Ilekroć stoję w kolejce do wyciągu, najczęściej kilka minut, to przypominają mi się czasy gdy do wyciągów orczykowych stało się 40 min co było standardem, a często i ok. godziny.
Piszę tu o latach 80-tych i pierwszej połowie lat 90-tych, później było coraz luźniej.
Moim zdaniem narciarstwo wtedy było popularniejsze, i było więcej narciarzy niż obecnie.
Obecnie funkcjonuje mniej ośrodków narciarskich niż w tamtych czasach, niektóre są wspomniane w wątku „Ośrodki widma”.
Nowych które powstały od zera jest niewiele.
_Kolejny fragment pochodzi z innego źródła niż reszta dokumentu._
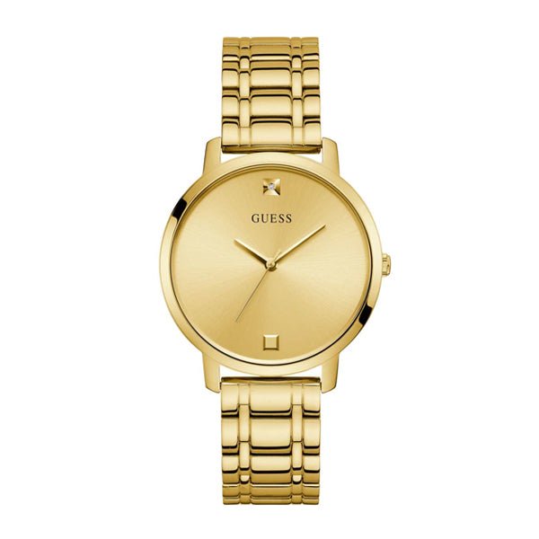 Guess Ladiess Watch has Gold case with the Dial being Gold as well as being Steel Bracelet. It is a genuine diamond marker at the 12 o'clock hour make this watch the perfect gift or self purchase!. It is shipped with its original box and official warranty card.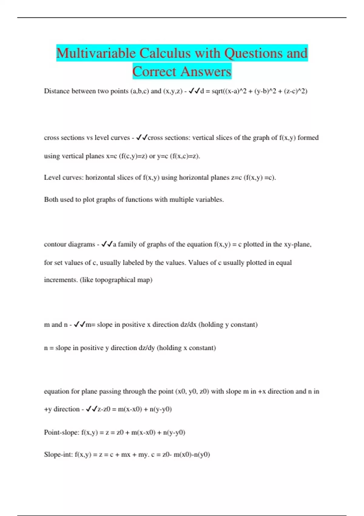 Distance between two points (a,b,c) and (x,y,z) - d = sqrt((x-a)^2 + (y-b)^2 + (z-c)^2) cross sections vs level curves - cross sections: vertical slices of the graph of f(x,y) formed using vertical planes x=c (f(c,y)=z) or y=c (f(x,c)=z). Level curves: horizontal slices of f(x,y) using horizontal planes z=c (f(x,y) =c). Both used to plot graphs of functions with multiple variables. contour diagrams - a family of graphs of the equation f(x,y) = c plotted in the xy-plane, for set values of c, usually labeled by the values. Values of c usually plotted in equal increments. (like topographical map) m and n - m= slope in positive x direction dz/dx (holding y constant)

Obecne nowoczesne ośrodki to najczęściej zmodernizowane byłe orczyki.
Również znajomych czy to ze szkoły, z pracy którzy jeździli na nartach było więcej.
Z drugiej strony mamy o wiele większą przepustowość obecnych kanap czy gondoli, oraz więcej narciarzy jeżdżących za granicą, jednak czy aż tylu?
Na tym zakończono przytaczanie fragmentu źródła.